Dataset content:
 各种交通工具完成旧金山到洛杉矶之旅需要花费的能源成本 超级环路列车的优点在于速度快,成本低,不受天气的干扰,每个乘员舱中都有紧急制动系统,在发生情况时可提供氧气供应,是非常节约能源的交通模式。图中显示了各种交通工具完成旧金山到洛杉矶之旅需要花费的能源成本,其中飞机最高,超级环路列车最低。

---

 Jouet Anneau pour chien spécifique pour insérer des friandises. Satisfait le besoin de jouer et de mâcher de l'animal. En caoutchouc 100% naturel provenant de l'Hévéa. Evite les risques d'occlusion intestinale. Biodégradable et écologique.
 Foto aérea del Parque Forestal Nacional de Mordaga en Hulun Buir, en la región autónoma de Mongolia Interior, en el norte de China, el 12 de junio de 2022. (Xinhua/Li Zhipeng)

--

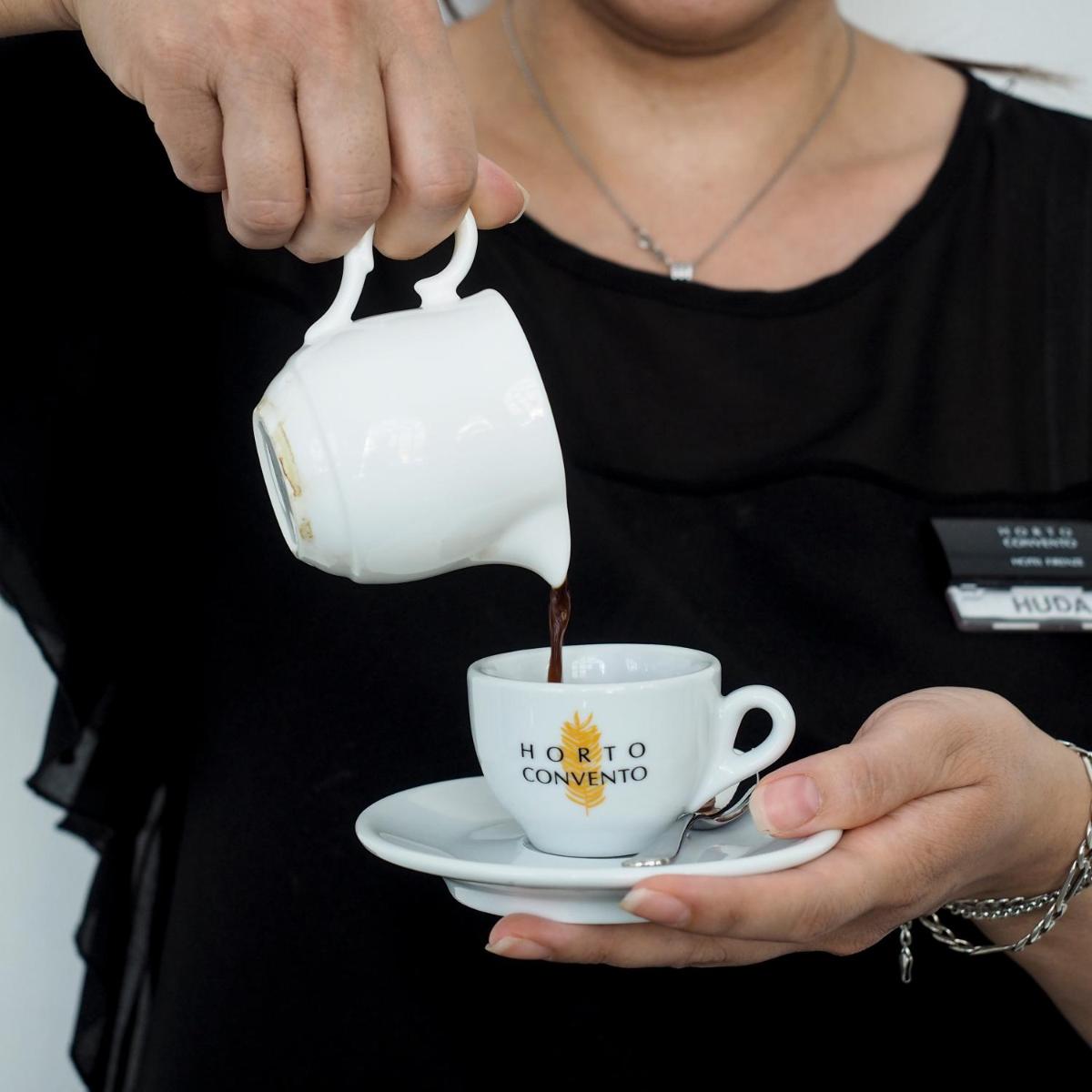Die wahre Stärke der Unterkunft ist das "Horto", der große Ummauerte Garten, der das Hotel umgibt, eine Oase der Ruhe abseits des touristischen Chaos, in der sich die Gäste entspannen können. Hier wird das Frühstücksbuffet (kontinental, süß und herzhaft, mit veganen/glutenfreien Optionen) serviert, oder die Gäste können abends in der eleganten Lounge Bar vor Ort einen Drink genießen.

Task to carry out:
Please transcribe only the lines in the records above running from the line that has "Jouet Anneau pour" through the line that has "Foto aérea del", both included, exactly as they appear.

Answer to this exercise:
 Jouet Anneau pour chien spécifique pour insérer des friandises. Satisfait le besoin de jouer et de mâcher de l'animal. En caoutchouc 100% naturel provenant de l'Hévéa. Evite les risques d'occlusion intestinale. Biodégradable et écologique.
 Foto aérea del Parque Forestal Nacional de Mordaga en Hulun Buir, en la región autónoma de Mongolia Interior, en el norte de China, el 12 de junio de 2022. (Xinhua/Li Zhipeng)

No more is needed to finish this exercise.